The JCC will assign Party Commercialization Tasks and, as necessary, form one or more Working Groups to take responsibility for aspects of the Joint Commercialization Plan or USA Co-Promotion Agreement as applicable.

3.3.4 Meetings and Communications

The JCC shall meet as often as is deemed necessary by the Commercialization Leaders, until Initiation of the first Phase III Clinical Trial for a Licensed Product and thereafter at least quarterly. Meetings shall take place in person, by videoconference or by telephone conference, as mutually agreed by the Commercialization Leaders. There shall be an agenda for each meeting of the JCC, and written minutes of each meeting shall be taken by the Alliance Managers and shall include the issues discussed, decisions made and action items, if any, arising from such meeting. Unless otherwise agreed, the responsibility for chairing meetings shall alternate between the Commercialization Leaders and the responsibility for secretarial duties ( i.e. , circulating an agenda and taking minutes) shall alternate between the Alliance Managers. At each meeting of the JCC, BMS will update Zymo on any material information relating to the Commercialization of the Licensed Products in the ROW. Meeting minutes shall be submitted to the members of the JCC and the JEC by the Alliance Managers. The Commercialization Leaders shall communicate at such other times as necessary to coordinate the activities of the parties.

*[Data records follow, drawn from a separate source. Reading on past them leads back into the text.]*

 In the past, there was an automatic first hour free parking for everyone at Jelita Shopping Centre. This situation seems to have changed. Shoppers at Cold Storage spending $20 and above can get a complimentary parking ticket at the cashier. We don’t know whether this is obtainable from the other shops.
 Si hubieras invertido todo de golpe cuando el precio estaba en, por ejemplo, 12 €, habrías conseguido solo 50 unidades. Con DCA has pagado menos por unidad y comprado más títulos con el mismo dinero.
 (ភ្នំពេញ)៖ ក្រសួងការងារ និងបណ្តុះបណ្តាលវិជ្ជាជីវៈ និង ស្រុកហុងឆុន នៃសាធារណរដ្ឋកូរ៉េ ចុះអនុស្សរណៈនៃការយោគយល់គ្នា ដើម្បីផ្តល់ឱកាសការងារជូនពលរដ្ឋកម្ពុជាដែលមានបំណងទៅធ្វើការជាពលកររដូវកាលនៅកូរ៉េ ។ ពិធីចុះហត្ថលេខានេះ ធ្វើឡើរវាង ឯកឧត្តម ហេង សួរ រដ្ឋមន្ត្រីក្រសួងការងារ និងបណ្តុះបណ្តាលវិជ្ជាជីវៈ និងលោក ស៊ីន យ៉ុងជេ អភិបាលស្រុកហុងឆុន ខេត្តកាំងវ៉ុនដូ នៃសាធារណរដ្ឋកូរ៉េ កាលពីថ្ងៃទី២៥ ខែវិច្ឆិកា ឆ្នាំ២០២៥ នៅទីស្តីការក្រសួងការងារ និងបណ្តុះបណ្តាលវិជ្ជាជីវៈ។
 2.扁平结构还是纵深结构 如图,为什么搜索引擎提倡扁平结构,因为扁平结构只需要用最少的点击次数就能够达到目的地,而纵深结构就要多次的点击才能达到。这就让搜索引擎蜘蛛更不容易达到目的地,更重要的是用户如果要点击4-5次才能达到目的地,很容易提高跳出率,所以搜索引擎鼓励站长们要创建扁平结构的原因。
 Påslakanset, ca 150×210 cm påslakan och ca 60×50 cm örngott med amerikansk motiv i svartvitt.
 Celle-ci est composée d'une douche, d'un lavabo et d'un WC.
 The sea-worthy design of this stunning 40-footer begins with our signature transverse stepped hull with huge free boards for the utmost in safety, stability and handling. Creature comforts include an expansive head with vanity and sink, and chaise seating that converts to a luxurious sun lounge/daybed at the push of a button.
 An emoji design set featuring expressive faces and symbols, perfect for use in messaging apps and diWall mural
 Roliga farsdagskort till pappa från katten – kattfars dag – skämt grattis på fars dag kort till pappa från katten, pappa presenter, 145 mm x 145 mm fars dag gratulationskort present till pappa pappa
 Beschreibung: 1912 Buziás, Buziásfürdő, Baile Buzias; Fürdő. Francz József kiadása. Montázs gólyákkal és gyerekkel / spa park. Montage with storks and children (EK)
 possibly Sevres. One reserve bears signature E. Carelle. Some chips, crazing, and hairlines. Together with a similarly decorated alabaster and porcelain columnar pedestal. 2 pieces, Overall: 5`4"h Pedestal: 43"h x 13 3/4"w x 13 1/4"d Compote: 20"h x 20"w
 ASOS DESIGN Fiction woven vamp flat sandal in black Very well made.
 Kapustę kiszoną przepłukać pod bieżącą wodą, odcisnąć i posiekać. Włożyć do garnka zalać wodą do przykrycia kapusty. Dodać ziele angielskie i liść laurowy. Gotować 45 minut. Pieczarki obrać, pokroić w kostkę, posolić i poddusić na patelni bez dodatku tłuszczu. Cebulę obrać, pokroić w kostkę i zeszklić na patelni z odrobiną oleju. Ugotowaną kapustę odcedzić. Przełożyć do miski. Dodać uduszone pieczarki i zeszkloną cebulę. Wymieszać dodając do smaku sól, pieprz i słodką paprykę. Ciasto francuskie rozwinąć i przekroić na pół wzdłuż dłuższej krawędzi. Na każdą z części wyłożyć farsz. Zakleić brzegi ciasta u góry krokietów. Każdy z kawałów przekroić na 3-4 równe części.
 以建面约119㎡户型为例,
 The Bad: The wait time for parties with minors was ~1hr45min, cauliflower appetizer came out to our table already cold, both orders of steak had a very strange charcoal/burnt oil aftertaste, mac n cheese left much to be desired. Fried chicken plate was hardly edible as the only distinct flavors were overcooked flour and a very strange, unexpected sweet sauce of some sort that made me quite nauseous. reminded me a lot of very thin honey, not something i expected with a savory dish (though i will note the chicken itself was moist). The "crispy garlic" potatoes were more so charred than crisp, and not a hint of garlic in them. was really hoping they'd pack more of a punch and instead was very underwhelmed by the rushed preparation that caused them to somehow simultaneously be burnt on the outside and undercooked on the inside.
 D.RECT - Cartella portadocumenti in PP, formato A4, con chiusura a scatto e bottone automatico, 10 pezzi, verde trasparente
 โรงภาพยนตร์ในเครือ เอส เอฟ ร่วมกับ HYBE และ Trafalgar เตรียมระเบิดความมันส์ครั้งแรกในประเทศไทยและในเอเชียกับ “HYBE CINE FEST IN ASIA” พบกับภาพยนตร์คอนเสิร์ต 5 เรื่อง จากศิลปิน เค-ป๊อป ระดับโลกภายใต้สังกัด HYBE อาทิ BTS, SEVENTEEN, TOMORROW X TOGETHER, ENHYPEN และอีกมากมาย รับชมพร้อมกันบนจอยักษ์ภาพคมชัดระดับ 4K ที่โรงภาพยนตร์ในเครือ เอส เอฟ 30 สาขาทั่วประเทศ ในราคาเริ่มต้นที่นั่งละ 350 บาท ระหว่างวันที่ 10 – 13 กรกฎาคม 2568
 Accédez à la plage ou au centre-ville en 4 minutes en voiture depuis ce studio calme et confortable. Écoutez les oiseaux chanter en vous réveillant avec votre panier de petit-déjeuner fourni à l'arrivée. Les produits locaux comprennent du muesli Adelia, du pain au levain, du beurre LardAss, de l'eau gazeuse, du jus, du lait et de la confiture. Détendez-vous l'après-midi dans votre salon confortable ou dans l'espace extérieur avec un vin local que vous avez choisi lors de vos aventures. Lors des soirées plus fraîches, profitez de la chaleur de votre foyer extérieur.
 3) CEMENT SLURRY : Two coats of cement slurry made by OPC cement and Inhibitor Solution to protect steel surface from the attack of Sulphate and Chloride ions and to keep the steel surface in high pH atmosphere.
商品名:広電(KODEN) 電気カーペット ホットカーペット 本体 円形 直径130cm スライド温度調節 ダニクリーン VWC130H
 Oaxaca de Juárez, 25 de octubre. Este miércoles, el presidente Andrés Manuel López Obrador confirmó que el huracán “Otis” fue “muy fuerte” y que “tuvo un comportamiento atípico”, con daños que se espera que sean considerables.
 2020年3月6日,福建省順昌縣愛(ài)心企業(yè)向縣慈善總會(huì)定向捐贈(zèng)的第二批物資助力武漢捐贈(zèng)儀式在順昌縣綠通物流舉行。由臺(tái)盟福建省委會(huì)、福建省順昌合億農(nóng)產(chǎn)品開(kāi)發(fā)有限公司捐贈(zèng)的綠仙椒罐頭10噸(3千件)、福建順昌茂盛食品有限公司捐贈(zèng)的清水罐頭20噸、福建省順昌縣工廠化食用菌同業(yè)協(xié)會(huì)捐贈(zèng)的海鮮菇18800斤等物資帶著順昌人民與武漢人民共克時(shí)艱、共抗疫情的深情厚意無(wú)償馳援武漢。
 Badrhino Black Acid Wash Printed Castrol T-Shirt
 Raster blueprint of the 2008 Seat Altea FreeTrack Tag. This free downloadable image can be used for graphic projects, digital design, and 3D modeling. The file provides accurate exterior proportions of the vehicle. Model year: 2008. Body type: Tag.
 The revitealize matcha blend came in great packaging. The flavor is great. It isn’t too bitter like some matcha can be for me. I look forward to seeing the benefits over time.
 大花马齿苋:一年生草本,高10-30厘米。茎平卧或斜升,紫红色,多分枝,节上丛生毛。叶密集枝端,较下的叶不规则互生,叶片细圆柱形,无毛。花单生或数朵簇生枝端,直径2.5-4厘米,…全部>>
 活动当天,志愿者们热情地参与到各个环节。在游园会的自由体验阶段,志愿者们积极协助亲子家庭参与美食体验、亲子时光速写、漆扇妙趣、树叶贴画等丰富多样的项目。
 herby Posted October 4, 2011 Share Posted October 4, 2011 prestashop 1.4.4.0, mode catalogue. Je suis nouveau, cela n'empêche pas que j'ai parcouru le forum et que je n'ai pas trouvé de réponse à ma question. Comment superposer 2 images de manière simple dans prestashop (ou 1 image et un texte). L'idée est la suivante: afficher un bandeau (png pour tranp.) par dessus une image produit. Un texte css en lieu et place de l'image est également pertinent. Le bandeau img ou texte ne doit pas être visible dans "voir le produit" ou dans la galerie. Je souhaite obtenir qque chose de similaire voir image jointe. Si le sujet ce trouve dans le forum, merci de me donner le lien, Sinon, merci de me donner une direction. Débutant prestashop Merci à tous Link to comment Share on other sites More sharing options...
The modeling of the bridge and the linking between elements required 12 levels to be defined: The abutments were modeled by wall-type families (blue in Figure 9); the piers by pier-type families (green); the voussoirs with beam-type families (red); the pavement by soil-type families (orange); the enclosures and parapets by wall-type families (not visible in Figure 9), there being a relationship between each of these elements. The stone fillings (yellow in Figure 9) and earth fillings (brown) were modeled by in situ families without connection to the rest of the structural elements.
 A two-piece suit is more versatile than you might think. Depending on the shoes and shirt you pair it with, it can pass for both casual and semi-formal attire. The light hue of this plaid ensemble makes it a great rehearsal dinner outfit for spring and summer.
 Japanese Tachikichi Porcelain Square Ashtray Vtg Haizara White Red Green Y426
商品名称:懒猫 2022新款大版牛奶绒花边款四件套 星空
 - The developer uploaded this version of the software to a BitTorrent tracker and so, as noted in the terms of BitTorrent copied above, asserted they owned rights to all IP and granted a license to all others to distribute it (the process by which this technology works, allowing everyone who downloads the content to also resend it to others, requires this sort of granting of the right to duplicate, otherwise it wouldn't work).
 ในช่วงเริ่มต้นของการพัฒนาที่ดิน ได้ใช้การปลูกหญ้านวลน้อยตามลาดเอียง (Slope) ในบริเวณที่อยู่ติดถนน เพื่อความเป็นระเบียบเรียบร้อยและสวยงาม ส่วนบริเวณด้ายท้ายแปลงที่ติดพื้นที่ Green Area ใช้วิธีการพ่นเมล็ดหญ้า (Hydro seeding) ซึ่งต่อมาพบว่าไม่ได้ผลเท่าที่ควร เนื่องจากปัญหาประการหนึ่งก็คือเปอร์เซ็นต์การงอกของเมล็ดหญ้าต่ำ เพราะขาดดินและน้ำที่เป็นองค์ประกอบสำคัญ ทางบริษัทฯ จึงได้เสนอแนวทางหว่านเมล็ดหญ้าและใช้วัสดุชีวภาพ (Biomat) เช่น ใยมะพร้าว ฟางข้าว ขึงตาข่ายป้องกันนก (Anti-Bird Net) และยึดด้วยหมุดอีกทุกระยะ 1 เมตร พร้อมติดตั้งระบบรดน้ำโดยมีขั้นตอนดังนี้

3.3.5 Decision Making; Formalities

All official actions, decisions or rulings of the JCC under this Agreement must receive the approval of the parties, either in writing (including by email or facsimile) or by vote at a meeting of the JCC, and all significant actions, decisions or rulings shall subsequently be entered into the minutes of meetings of the JCC. In the absence of such mutual approval, either party may, subject to Section 3.9 , by formal written notice to the JEC declare the existence of a dispute at the JCC level and thereby request that such dispute be resolved by the JEC.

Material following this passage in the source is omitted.